Topic 11 Correlation
So far we have explored different methods of hypothesis testing (we look at different t-tests and different Anova tests).
The goal was to use our sample to know something about the population.
However, so far, we were only interested in sample means. We tried to understand if sample means for different groups could be generalized to population means for these sample groups.
Now, we will try to get more interesting statistics from our sample and then apply tests to see if they hold at the population level.
In this lab, we will explore a statistic that looks at the relationship between variables.
11.1 Motivation
Now we get into more interesting applications of statistics. We want to address research questions, such as:
- Does college degree influences future income?
- Does frequent exercise influence life expectancy?
- Does eating healthy influences the probability of getting sick?
- Does attending labs influence my chances of doing well on the exams?
These are all causal questions. Most research questions are causal questions. We want to explore if one variable (an idependent variable) influences another variable (a dependent variable).
One first step towards answering these questions is to explore simple correlations between variables. This is what we will do.
11.2 Scatter plots
11.3 Pearson’s correlation coefficient
We need a concrete way to measure correlation.
- You should look at your p-value to see the statistical significance of your coefficient. This is calculated by a simple t test.

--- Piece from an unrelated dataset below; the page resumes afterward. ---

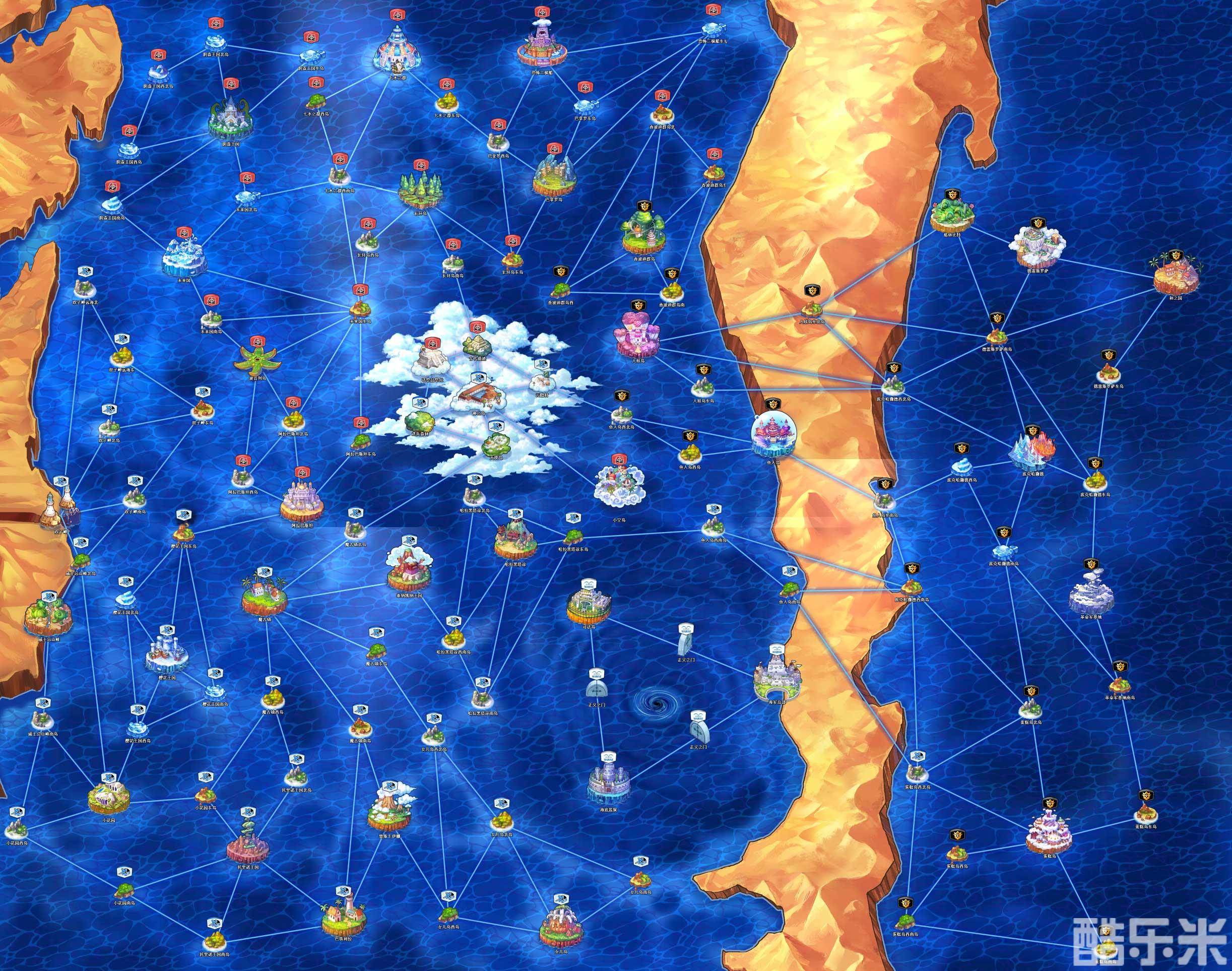 航海王online伟大航路是基于原着世界地图的一大玩法,在航海王online伟大航路中,世界众多的标志岛屿被分割成了几大势力,分别为“七武海猎人”“四皇挑战者”“超新星次世代”,还有中立“海军”的司法岛、海地监狱以及海军总部(不过暂时无法到达)。

- Null hypothesis: coefficient = 0.
11.3.1 Formula
\[r_{xy} =\frac{\sum x_iy_i-\frac{\sum x_i\sum y_i}{n}} {\sqrt{\sum x_i^2-\frac{(\sum x_i)^2}{n}}~\sqrt{\sum y_i^2-\frac{(\sum y_i)^2}{n}}}\]
To make things simpler, use the table below:
\(x\) | \(y\) | \(x^2\) | \(y^2\) | \(x \cdot y\) |
---|---|---|---|---|
… | … | … | … | … |
Sum = | Sum = | Sum = | Sum = | Sum = |
11.4 Correlation vs Causation
11.5 Confounding variables
What are some of the problems of using simple correlations to claim causal relationships?
Two of the main problems are:
- Simple correlations fail to address confounding variables.
- Lack of causal mechanism. Is there a reason to believe one variable influences the other? (Lack of theory).
A confounding variable is a factor that influences both your dependent and independent variables.
Examples of confounding variables:
- Eating healthy is a confounding variable for the influence of alcohol on mortality rate.
- Warm weather is a confounding variable for the influence of ice cream eating on murder rate.
- Education attainment is a confounding variable for the influence of work experience on wages.
There are different techniques that we can use to “control” for confounding variables. This is a topic for future classes.
11.6 Exercise
I will demonstrate using the earnings dataset. In the effect of experience on wages, is age a confounding variable?
Also, using the dataset “health_data.dta”, suppose you are interested in exploring the influence of “body mass index” on “Systolic blood pressure”. Is “age” a confounding variable in this analysis?
You should make the necessary plots and calculate the necessary correlation coefficients.